W ciągu roku w Polsce organizowane są spotkania, seminaria i targi w których uczestniczą polscy i rosyjscy przedsiębiorcy. Zdaniem organizatorów duża frekwencja świadczy o tym, że stosunki handlowe między naszymi krajami poprawiają się.
Jednak te optymistyczne wyliczenia nie idą w parze z rzeczywistością - przekonują eksperci z Krajowej Izby Gospodarczej. Według nich wzrost eksportu nie jest zasługą naszych przedsiębiorców.
Chodzi o to, że do 1 maja towary wysyłane były przez Litwę i Łotwę. Wtedy najwięcej zarabiali pośrednicy. Od dnia akcesji sytuacja się zmieniła. Teraz nasze towary eksportowane są bezpośrednio do Rosji.
Brak odpowiednich standardów, kulejąca polityka handlowa oraz brak certyfikatów- to wciąż podstawowe przeszkody na drodze do rosyjskiego rynku.

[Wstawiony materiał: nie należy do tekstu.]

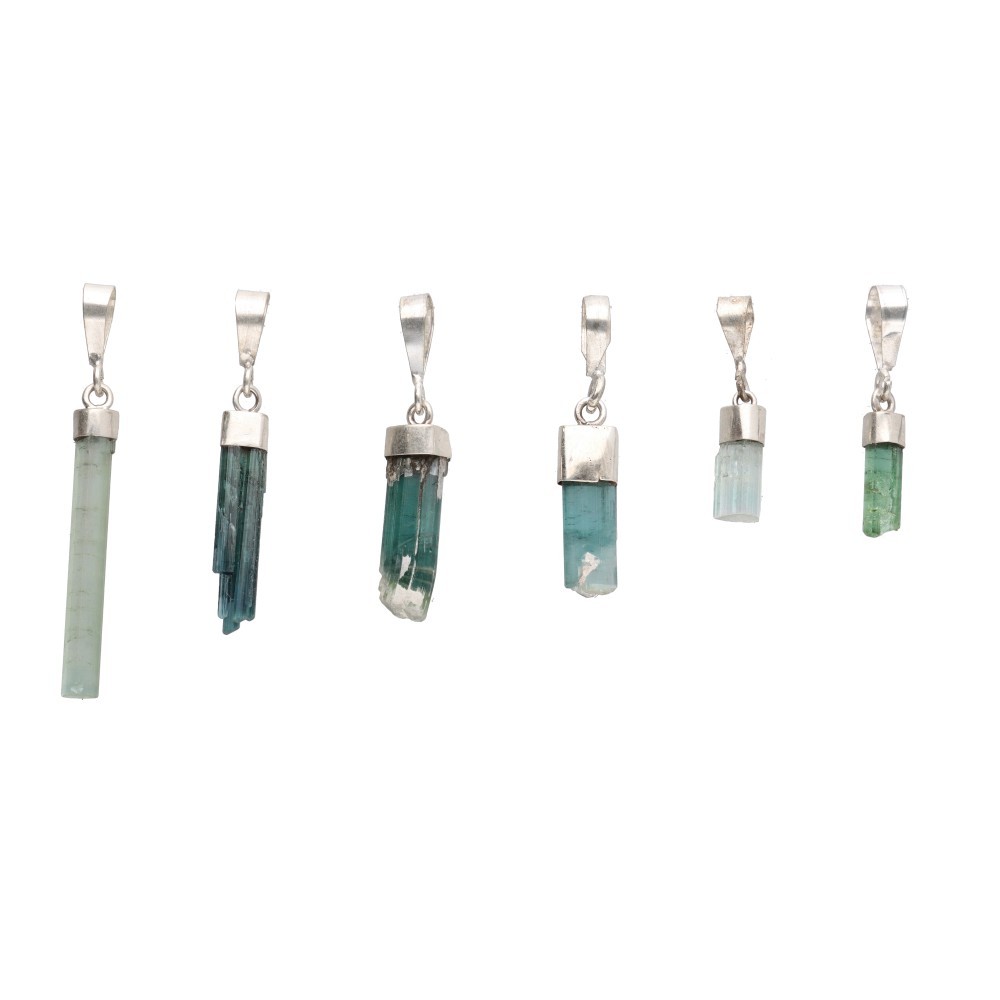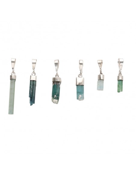 Pendente di Tormalina Blu Grezza in Argento Sterling 925 - B

Rosjanie wiedzą, że towar przez nich importowany jest droższy, dlatego chcą na terenie Federacji wybudować swoje zakłady. Polscy producenci widząc zagrożenie dokładają wielu starań, aby być konkurencyjnymi i nie zniknąć z tego rynku. Ich zdaniem tylko szybkie obniżenie kosztów może przynieść efekt. Jednak z tą opinią nie zgadzają się eksperci.
Do tej pory Rosjanie najchętniej kupowali od nas mięso. Ale ta sprzedaż w ostatnim czasie kuleje. Ekspertom z Krajowej Izby Gospodarczej brakuje optymizmu. Mówią, że wszystko wskazuje na to, że będzie tylko gorzej.